Opinion Summary
A city employee may not use confidential city information acquired in an official capacity to advance the employee’s or another person’s financial or personal interests.
Question Presented
When is it a violation of the City’s Code of Ethics for a city employee to use city records?
Facts
The Ethics Officer has received inquiries concerning whether certain practices of city employees violate the Code of Ethics.
- A plumber calls up a city resident with a backed-up sewer and asks if she needs a plumber. The resident later determines that the caller is a city employee and files a complaint with the City.
- A city employee does routine maintenance work on city equipment. He attends the city’s public auction and bids on the surplus equipment that the City is selling.
- A city employee is assigned a city vehicle and drives it on a daily basis as part of her job.

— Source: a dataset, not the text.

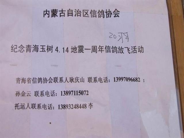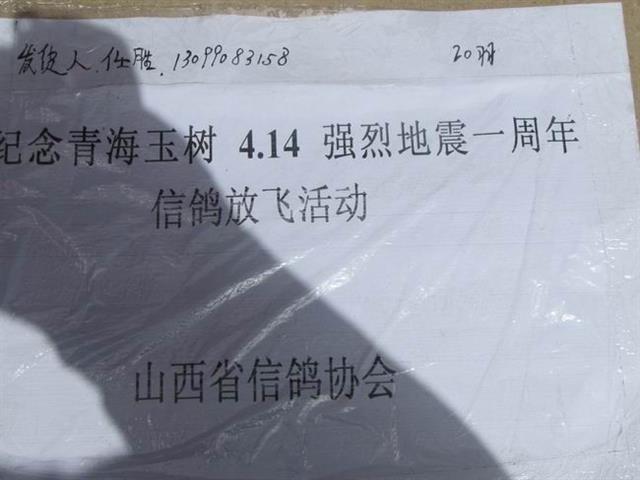 来自全国各地,为玉树赈灾一周年纪念祈福的部分信鸽

The City decides to declare the vehicle surplus equipment and sell it at the city’s public action. The employee wants to purchase the same vehicle at the auction.
Discussion
The City’s Code of Ethics prohibits city employees from placing their own personal or financial interests above the city’s best interests. Section 2-819 specifically prohibits employees from using confidential information acquired in their official capacity to advance their own financial interests. It states: “No official or employee shall disclose confidential information concerning the property, governing operations, policies or affairs of the city . . . nor shall such official or employee use such confidential information acquired in an official capacity to advance the financial interest or personal interest of the official, employee or others in any instance where such would conflict with the best interest of the city.”

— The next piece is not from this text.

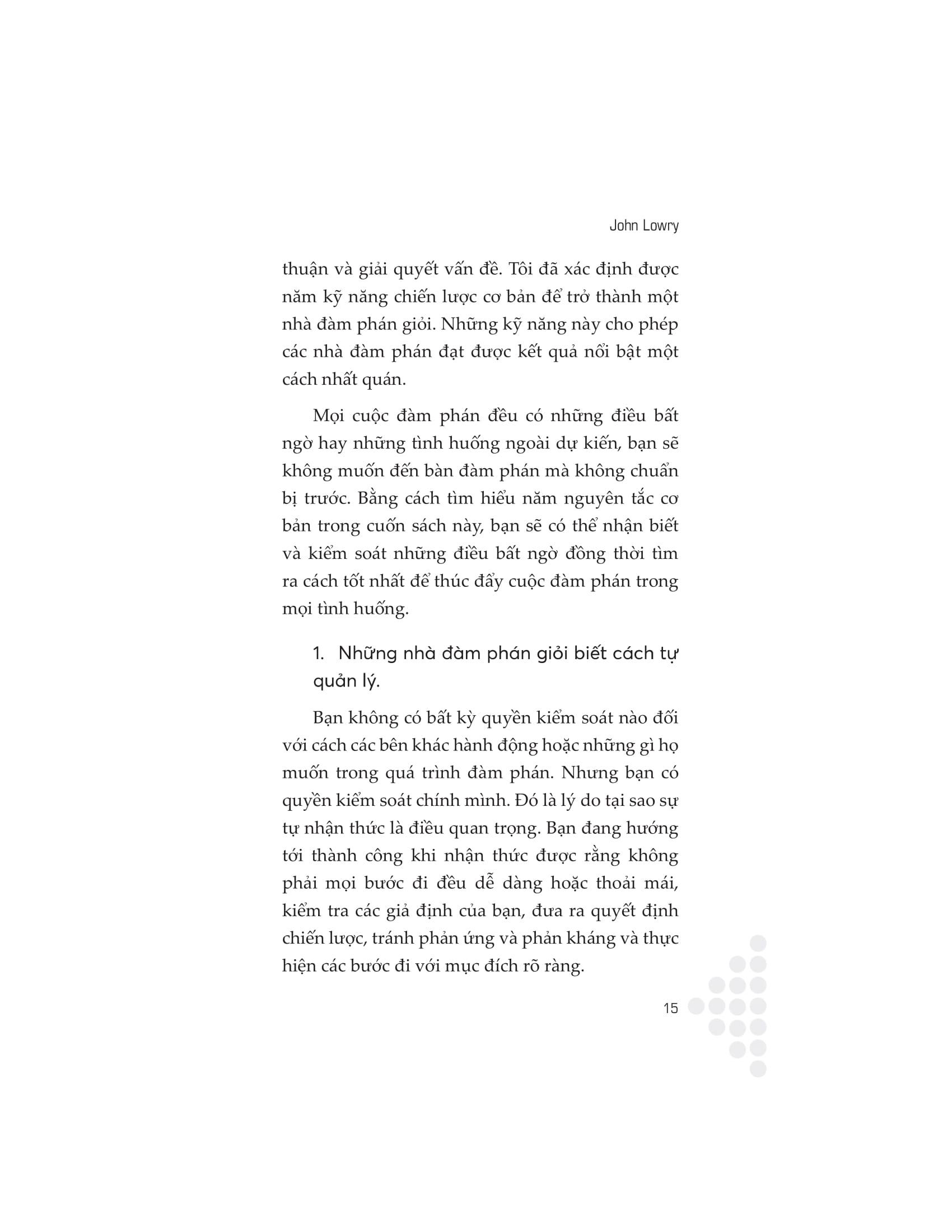 Cuốn sách này cung cấp một cách tiếp cận hữu ích và toàn diện để làm chủ cuộc đàm phán. Thông qua những lời khuyên hữu ích và hướng dẫn thực tế, tác giả John Lowry sẽ chỉ cho bạn cách gia nhập hàng ngũ những nhà lãnh đạo đã đạt được thành công chưa từng có bằng cách khiến việc thương thuyết trở nên đơn giản. Sự cần thiết của đàm phán được thể hiện trong mọi khía cạnh của đời sống, từ công việc đến cuộc sống đời thường. Phát triển kỹ năng đàm phán thuyết phục sẽ giúp bạn có thêm đạt được nhiều thành công, duy trì những mối quan hệ tốt đẹp và nâng cao hiệu quả khi giao tiếp.

The Code of Ethics defines the term “confidential information” as “information which has been obtained in the course of holding public office, employment, an independent contract or otherwise acting as an official or employee, and which information is not available to members of the public under state law or other law or regulation and which the official or employee is not authorized to disclose.” Read literally, this definition could create problems because it makes information confidential only when it is not subject to the Open Records Act.
The Board, however, interprets this provision to mean that information can be confidential for a specific time, even if it is eventually available to the public under the Open Records Act. For example, the city’s daily work records showing the water customers who have been advised to hire a private plumber are confidential records since the city by policy and practice does not make thre records readily available each evening to the general public.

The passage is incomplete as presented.